BioSerenity, a company specializing in remote diagnostic solutions for neurology, sleep medicine, and cardiology announces an article published in Annals of Neurology describing unusual electroencephalogram (EEG) findings in seriously ill patients with SARS-CoV-2.
BioSerenity offers EEG services using remotely connected equipment enabling testing outside of traditional departments. Hospitals in France requested BioSerenity to perform EEGs in intensive care units (ICUs) during the initial surge of COVID-19 patients. The data was reviewed remotely by BioSerenity’s specialists and shared with the hospitals’ medical staff. Via these collaborations, the researchers discovered EEG anomalies likely associated with COVID-19.
Patients presented with altered mental status, had delayed awakening, or poor arousal after being taken off sedation. EEGs were performed while in the ICU at several hospitals in Paris, France. The EEGs showed evidence of frontal brain abnormalities possibility due to COVID-19 related brain injury. When hospitalized patients with COVID-19 present with unexplained mental status change or poor arousability, it is suggested that an EEG be performed as part of the diagnostic assessment to determine the etiology and to identify potentially treatable central nervous system disorders.

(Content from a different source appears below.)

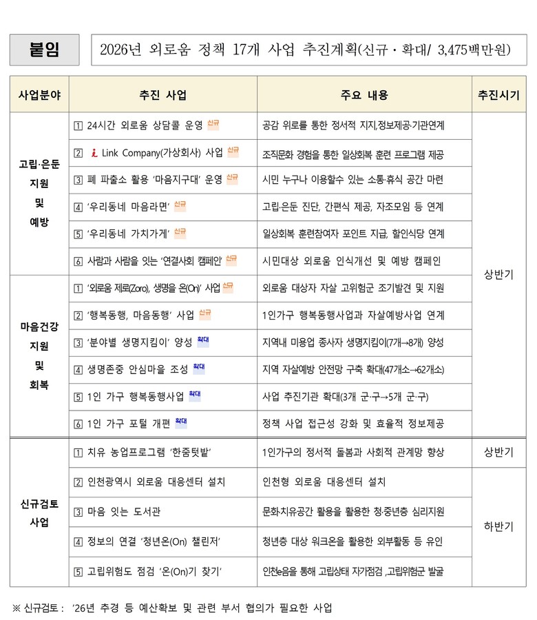 이는 외로움에 대응하는 방식 자체를 바꾼 것으로, 사후 대응이나 대상별 지원이 아니라, 관계가 끊어지기 전에 개입하는 구조를 만들겠다는 것이 인천시의 전략이다.

Bruce Lavin, MD, MPH, BioSerenity chief medical officer, says in a release, “This report highlights the importance of obtaining EEGs in patients with COVID-19 who present with cognitive impairment to identify possible brain injury, directly or indirectly due to the virus.”

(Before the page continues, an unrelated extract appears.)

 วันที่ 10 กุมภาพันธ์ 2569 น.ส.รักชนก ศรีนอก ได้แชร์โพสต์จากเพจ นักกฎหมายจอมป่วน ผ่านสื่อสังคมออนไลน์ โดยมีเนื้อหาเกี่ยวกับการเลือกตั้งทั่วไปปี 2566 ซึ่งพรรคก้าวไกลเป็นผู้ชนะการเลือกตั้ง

Samir Medjebar, PhD, GM BioSerenity France, says in a release, “BioSerenity has demonstrated that our scale and scope of services allow us to provide 24/7 hospital assistance during a crisis and the ability to detect new EEG findings.”

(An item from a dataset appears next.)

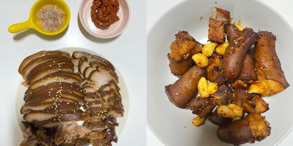 짝꿍과도 같이 먹었는데 족발은 지난번처럼 먹고 돼지꼬리는 매운 소스를 발라 마늘과 함께 구워봤습니다. 족발은 당연히 맛있었고 짝꿍도 가족들 처럼 돼지꼬리가 더 맛있다고 하네요. 수육처럼 족발도 오랜 조리시간이 부담스럽긴 하지만 결과물이 좋아 만족스럽네요. 다음에는 돼지꼬리만 주문해서 만들어 보고 싶네요.

Louis Maillard, MD, PhD, professor at Lorraine University, France, says in a release, “This study gives a possible explanation for the comas, delayed awakening, and arousal observed in some of the most severe cases of COVID-19 infections. It shows the importance of EEG, an old but still relevant exam, that can be done at the patient bedside and the only exam that allows for the functional state evaluation of the brain.”
Hervé Vespignani, MD, professor and BioSerenity France medical director, says in a release, “This discovery confirms the importance of performing EEG at the patient’s bed.”